EU-Minigipfel zu Terrorabwehr: Macron will durchgreifen
Frankreichs Präsident versucht die Mitgliedstaaten auf eine härtere Gangart einzuschwören. Die Außengrenzen müssten besser geschützt werden.
Der Kontext erklärt, weshalb Macron die Partner in dieser Weise drängt: Nach einer Attentatsserie in Frankreich (Paris, Conflans, Nizza) hat der Anschlag in Wien am 2. November verdeutlicht, dass der islamistische Terror bei Weitem kein „französisches“ Problem ist, sondern alle in der EU angeht.
Bei Solidaritätsbotschaften soll es darum nicht bleiben. Koordination heißt für Macron in diesem Bereich, dass die EU bei der Überwachung der Netzwerke, der Daten von Reisepassagieren und bei Grenzkontrollen endlich am selben Strang zieht und mit einstimmiger Entschlossenheit und einheitlichen Regeln der Hasspropaganda im Internet begegnet.
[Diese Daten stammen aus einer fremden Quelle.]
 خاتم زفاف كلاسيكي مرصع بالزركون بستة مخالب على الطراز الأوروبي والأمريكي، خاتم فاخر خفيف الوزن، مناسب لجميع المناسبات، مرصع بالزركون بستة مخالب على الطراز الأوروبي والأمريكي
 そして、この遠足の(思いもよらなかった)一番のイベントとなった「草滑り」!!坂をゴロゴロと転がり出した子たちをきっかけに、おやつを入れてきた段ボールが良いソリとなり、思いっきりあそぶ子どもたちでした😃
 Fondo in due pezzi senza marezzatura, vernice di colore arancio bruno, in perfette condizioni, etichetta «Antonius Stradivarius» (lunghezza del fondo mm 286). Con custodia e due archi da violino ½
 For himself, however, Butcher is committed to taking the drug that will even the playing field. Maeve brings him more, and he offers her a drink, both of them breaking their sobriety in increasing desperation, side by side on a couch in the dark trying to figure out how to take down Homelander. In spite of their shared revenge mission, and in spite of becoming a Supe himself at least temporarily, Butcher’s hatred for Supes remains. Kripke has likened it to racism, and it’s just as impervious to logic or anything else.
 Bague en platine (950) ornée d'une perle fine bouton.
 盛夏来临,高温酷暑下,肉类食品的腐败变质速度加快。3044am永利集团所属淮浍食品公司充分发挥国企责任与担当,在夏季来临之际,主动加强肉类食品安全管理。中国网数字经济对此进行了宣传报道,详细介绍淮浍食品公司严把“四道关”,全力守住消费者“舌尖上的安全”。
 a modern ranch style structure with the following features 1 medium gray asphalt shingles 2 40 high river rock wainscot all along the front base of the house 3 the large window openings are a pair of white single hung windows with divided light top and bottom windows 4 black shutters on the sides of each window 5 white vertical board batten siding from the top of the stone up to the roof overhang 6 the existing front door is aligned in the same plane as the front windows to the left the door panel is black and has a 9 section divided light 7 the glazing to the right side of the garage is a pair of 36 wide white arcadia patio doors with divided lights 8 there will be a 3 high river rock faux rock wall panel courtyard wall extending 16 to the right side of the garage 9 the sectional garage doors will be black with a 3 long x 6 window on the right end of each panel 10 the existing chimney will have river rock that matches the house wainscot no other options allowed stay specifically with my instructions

Die dramatische Aktualität der Terroranschläge rechtfertigt es für ihn, zu Eile und mehr Härte zu mahnen. Früher gab es in Frankreich eine goldene Regel, die bei der Ausbildung an der Hochschule Sciences Po, der Kaderschmiede der Politischen Wissenschaften, den zukünftigen Regierungsverantwortlichen eingebläut wurde: „Nie in der Hitze des Gefechts entscheiden!“
Rat vergessen
Natürlich haben diejenigen, die es in Führungspositionen geschafft haben, diesen klugen Rat meistens schnell vergessen. Vor allem, wenn die innere Sicherheit bedroht ist. Dann werden in Frankreich jedes Mal zusätzliche Möglichkeiten der Kontrolle, Verfolgung und Repression auf Kosten der verfassungsrechtlich garantierten Freiheiten in die Gesetzgebung übernommen.
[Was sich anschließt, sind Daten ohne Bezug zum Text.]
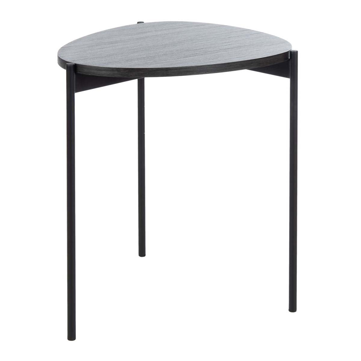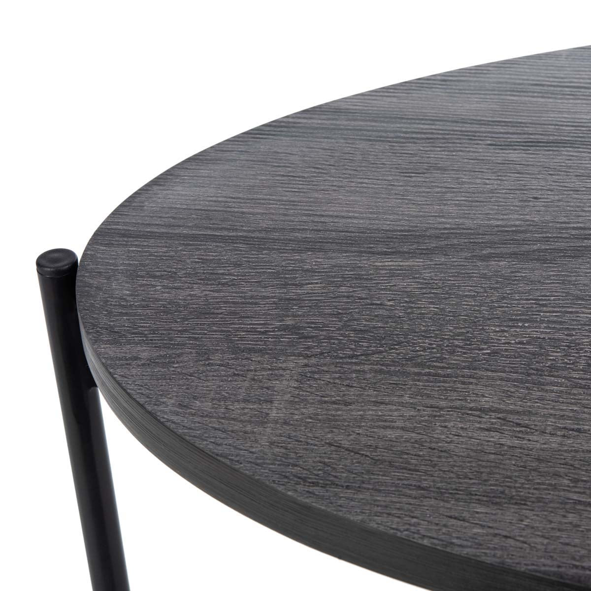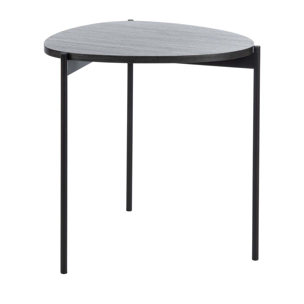 An instant invitation to gather, the warm Scandinavian style of this chic contemporary side table transforms any living room. Designed with a smooth minimalist dark grey oak finish, its wood top and three slender black iron legs make it a modern luxury.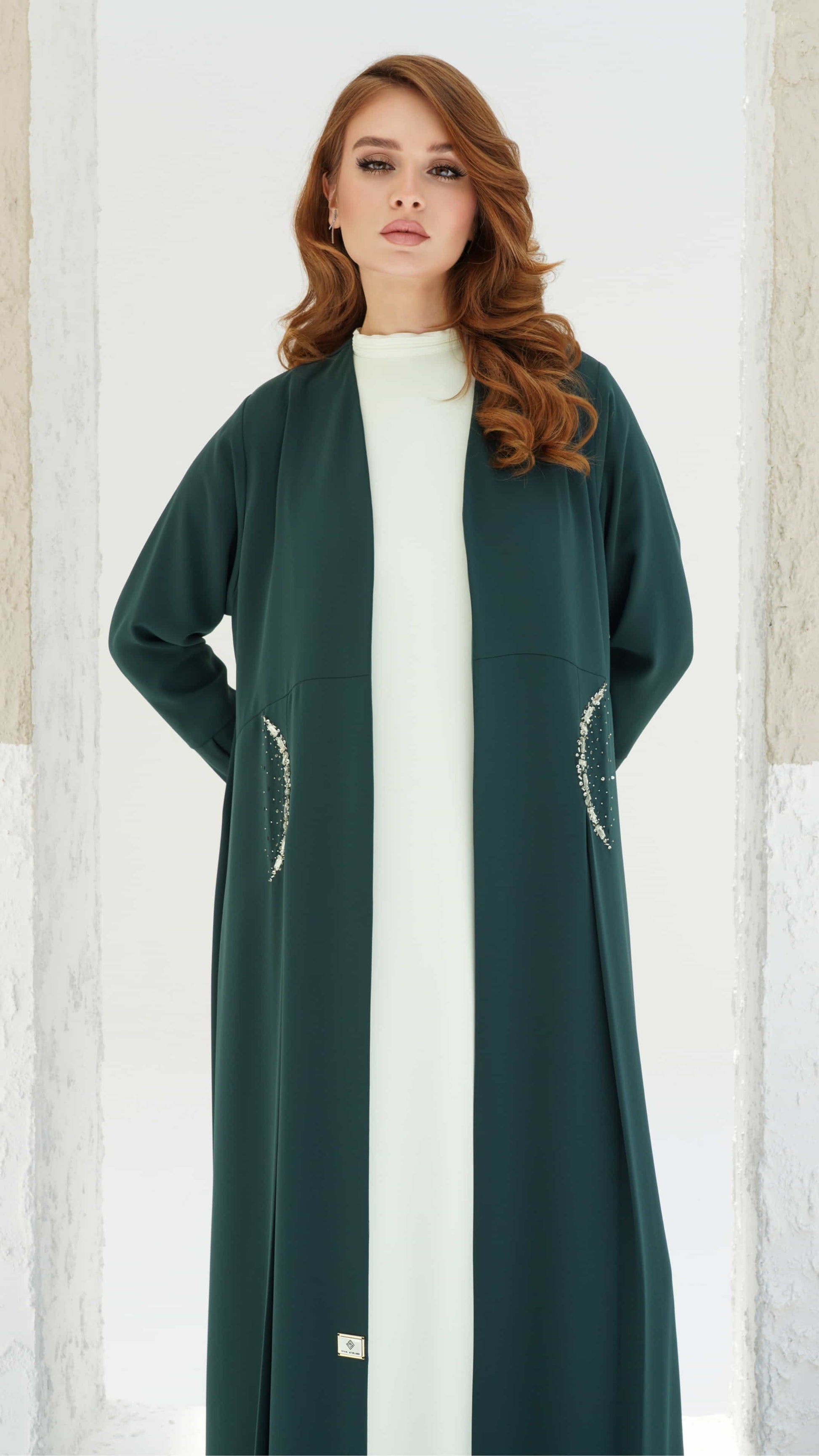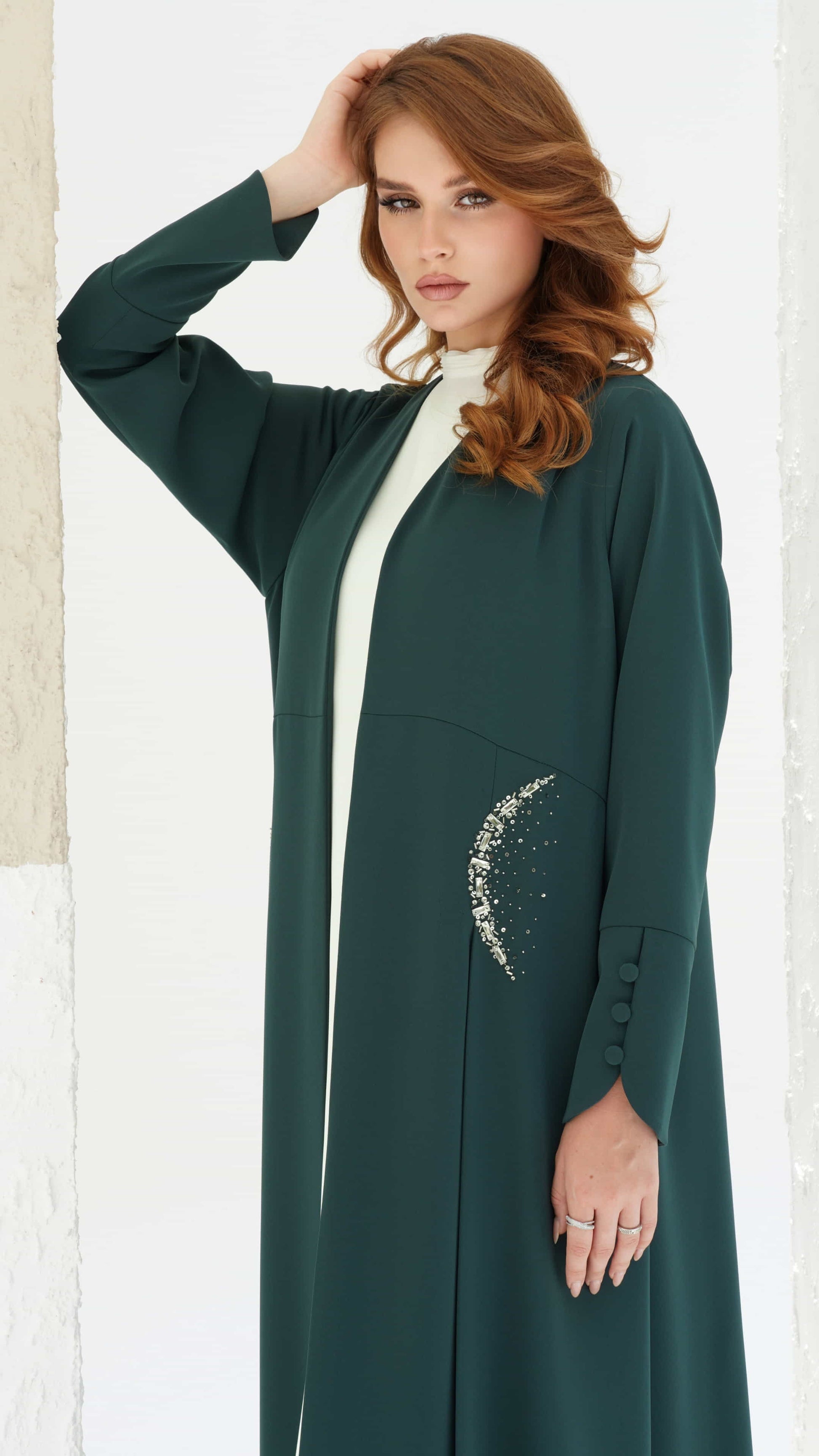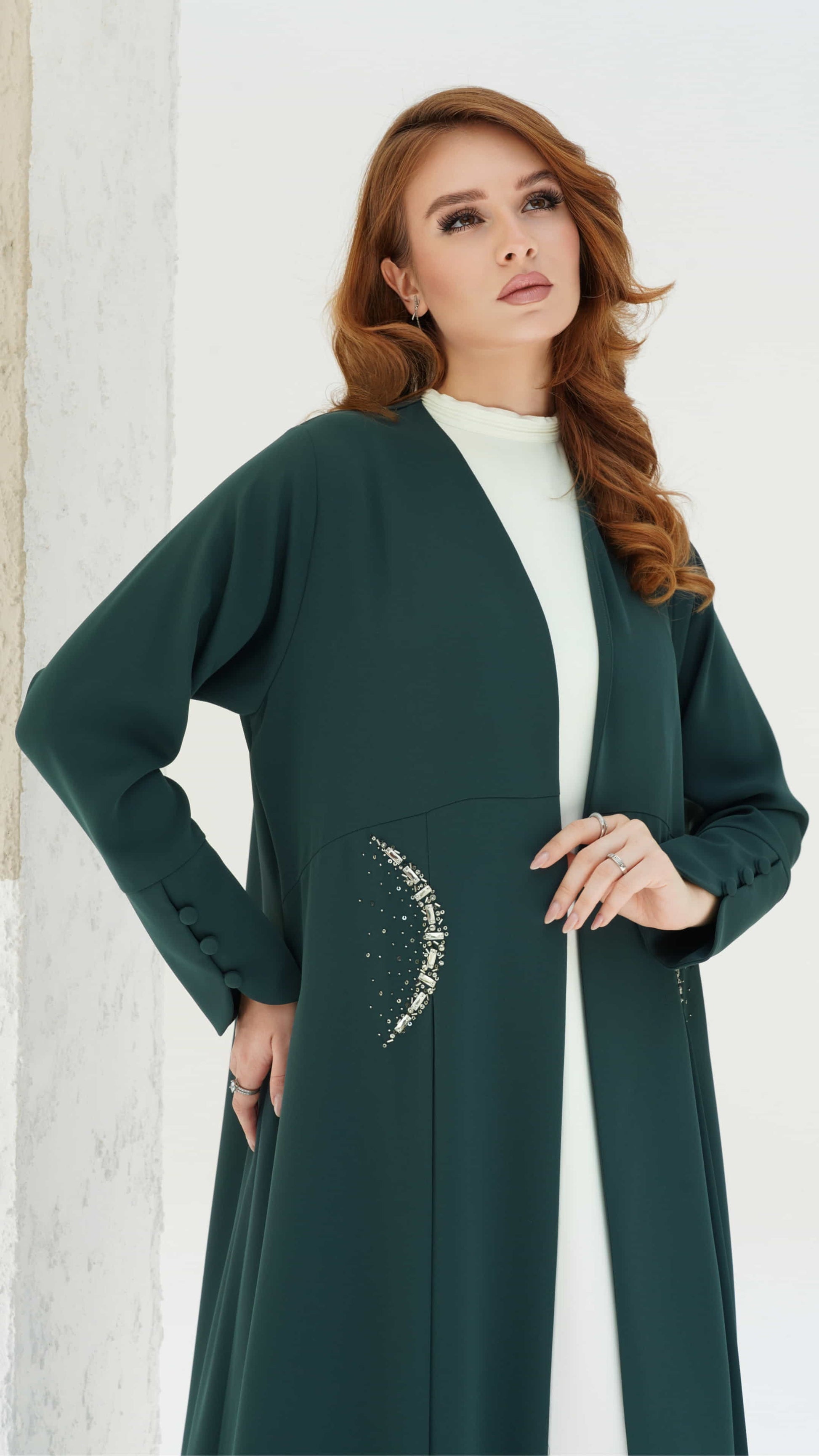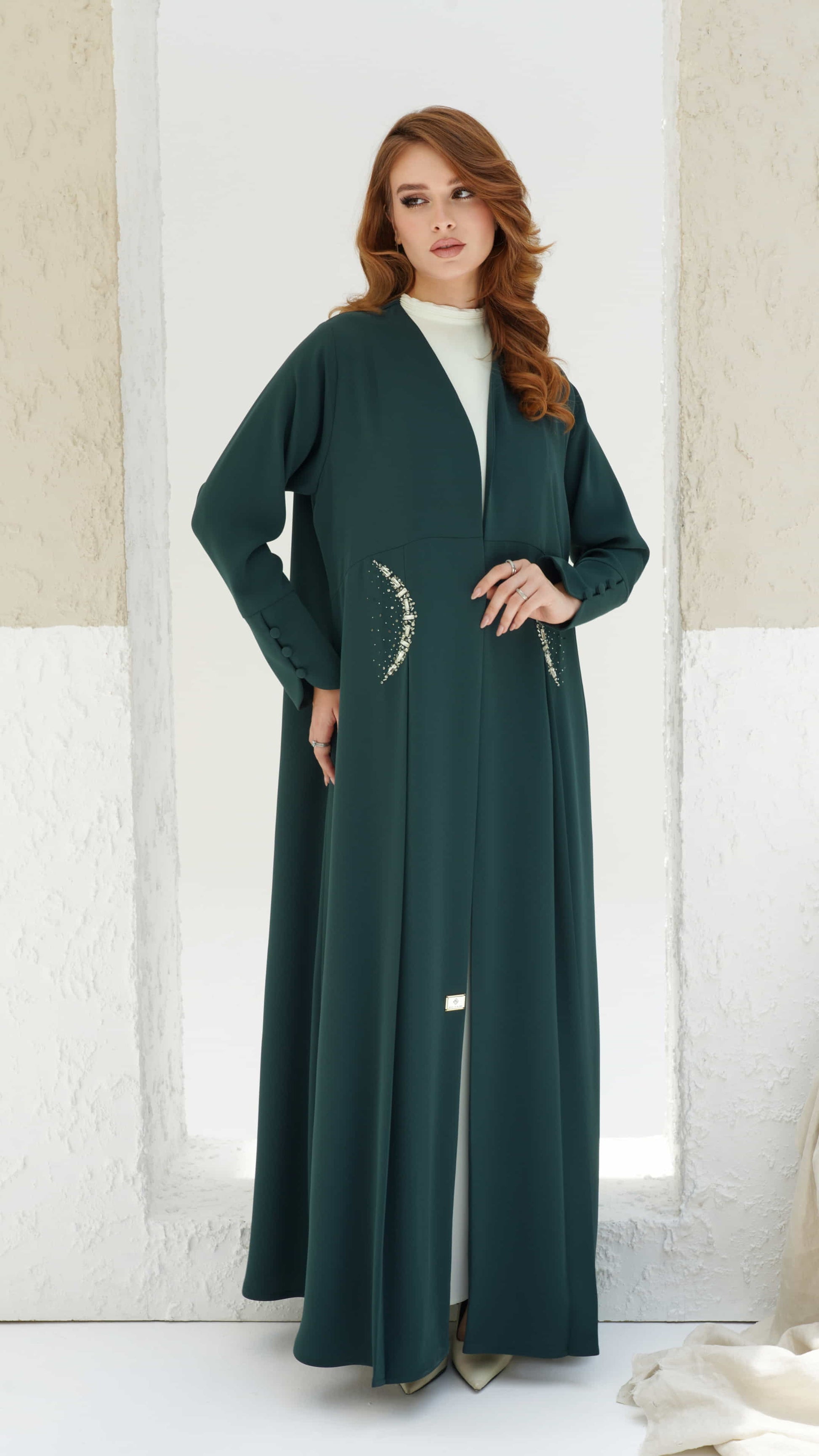Embody the regal aura โšœ๏ธ of Kaina abaya crafted in luxurious forest green ๐Ÿ€ adorned with delicate crescent-shaped ๐ŸŒ™ crystal beading and embellishments.

Das Risiko einer Überreaktion, mit der sich der Staat bloß neue Feinde macht, ist reell. Merkel warnte bei der Videokonferenz diesbezüglich alle, die vom Kampf gegen den radikalen Islamismus eine Gerade zu einem „Kulturschock“ oder „Krieg der Zivilisationen“ ziehen möchten. Es gehe nicht um einen „Kampf des Islam gegen das Christentum“, sondern darum, dass ein demokratisches Gesellschaftsmodell sich gegen antidemokratische terroristische Angriffe verteidigen müsse.
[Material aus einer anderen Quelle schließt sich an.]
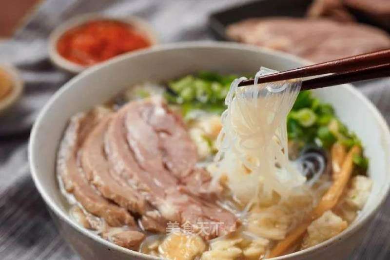 起锅倒入一大碗上文中的羊肉汤,大火煮沸后放入发好的黑木耳、黄花菜和馍丁,再次煮沸后,转小火煮2-3分钟,下泡软的绿豆粉丝煮1分钟,加适量白胡椒粉和少许盐调味,关火盛出。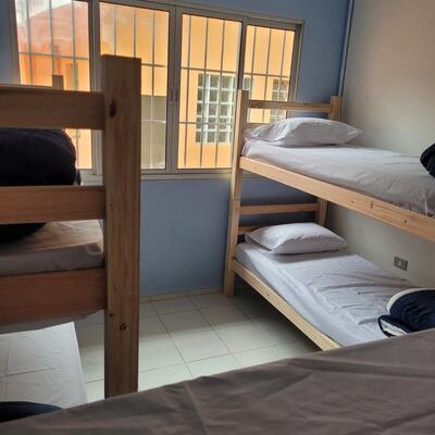 You will have a bed in a shared room, which means you will share the same room with other people.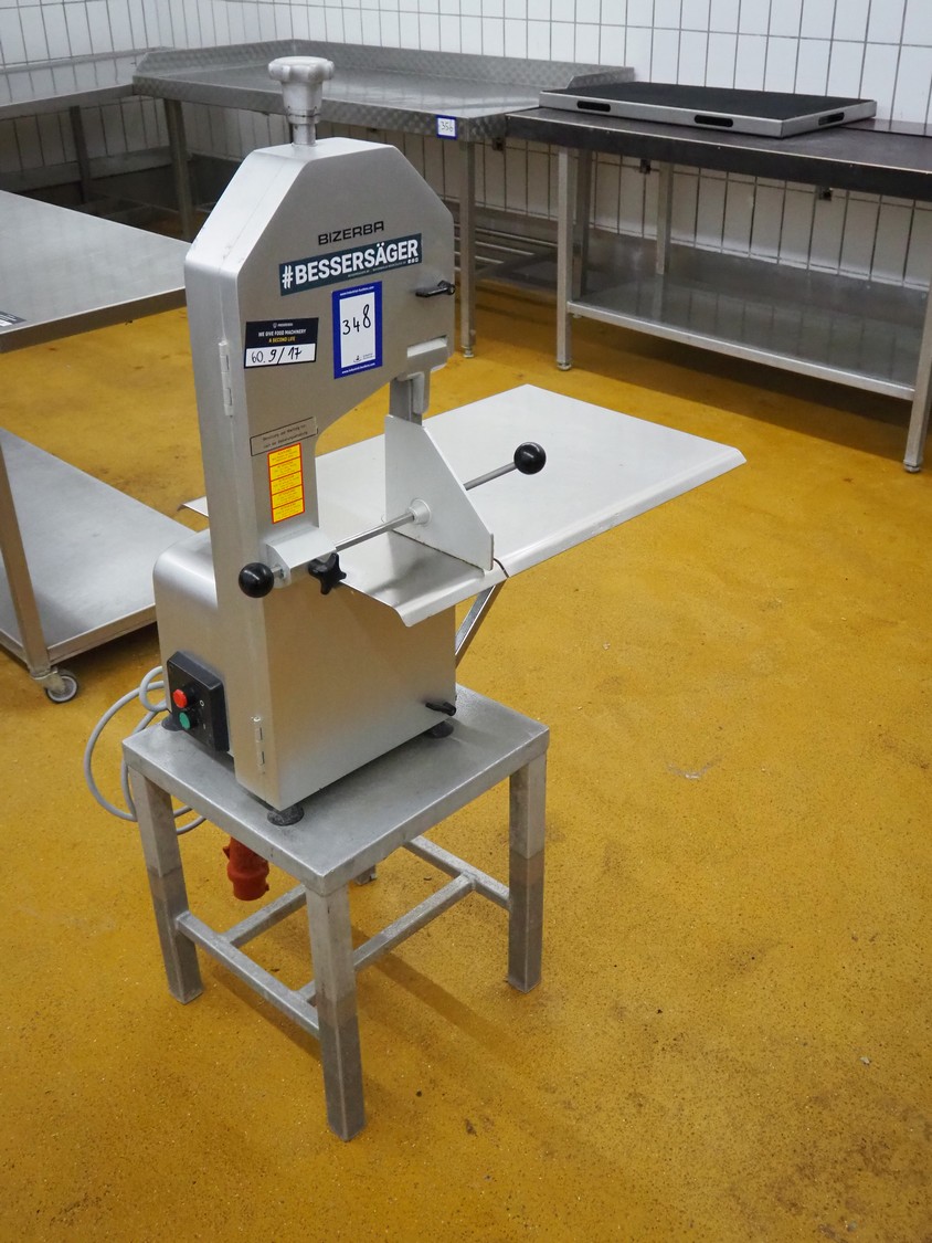 Bizerba bandsaw on aluminium table, type: FK22, machine number: 1301639, 220/380 V, 3 Ph, 50 Hz, 3.8/2.2 A, 1.080 kW, dimensions: 900 mm x 450 mm x 1300 mm.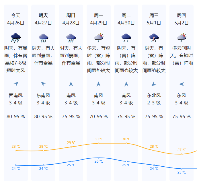未来一周我市(含深汕)仍处于降雨集中期,暴雨和强对流风险高。27-28日雷雨频密,仍有暴雨;29日有(雷)阵雨;展望30日-5月2日天气仍不稳定,有(雷)阵雨,部分时间雨势较大。

Der gemeinsame Kampf gegen den Terrorismus ist für Macron auch ein Anlass, einen neuen Anlauf für die Stärkung und Erneuerung der Gemeinschaft zu nehmen. Über das Vorgehen waren sich die Teilnehmenden an diesem von Frankreich organisierten Minigipfel nicht ganz einig. Merkel und Rutte möchten nicht mehr Kontrollen innerhalb des Schengenraums. Macron argumentierte: „Wir müssen die Außengrenzen schützen, damit wir die Binnengrenzen offen halten können.“
Macron hatte schon am vergangenen Donnerstag anlässlich eines Besuchs der französisch-spanischen Grenze eine „tiefgreifende Reorganisation“ des Freizügigkeitsregeln im Schengenraum gefordert und dabei auch die Verdopplung der Zahl der Beamten an den französischen Grenzen von 2.400 auf 4.800 angekündigt.
Fatale Folgen
Wenn die Asylanträge von Migranten in anderen EU-Staaten abgelehnt würden, kämen diese sehr oft nach Frankreich. Die Schlepper seien aber „immer häufiger mit terroristischen Gruppen“ in Kontakt. Das europäische Asylrecht werde auf diese Weise „oft missbraucht“, indem Gefährder in die EU einreisten, macht Macron geltend.
Ohne das explizit zu sagen, verwies er damit auf das Beispiel des tunesischen Attentäters, der in einem Flüchtlingsboot via Lampedusa nach Nizza gekommen war, um dort in einer Kirche drei Menschen zu töten. Der Link zwischen Terrorismus und Migrationspolitik ist nicht von der Hand zu weisen, kann aber mit vorschnellen pauschalen Antworten auf konkrete Fälle fatale Folgen haben.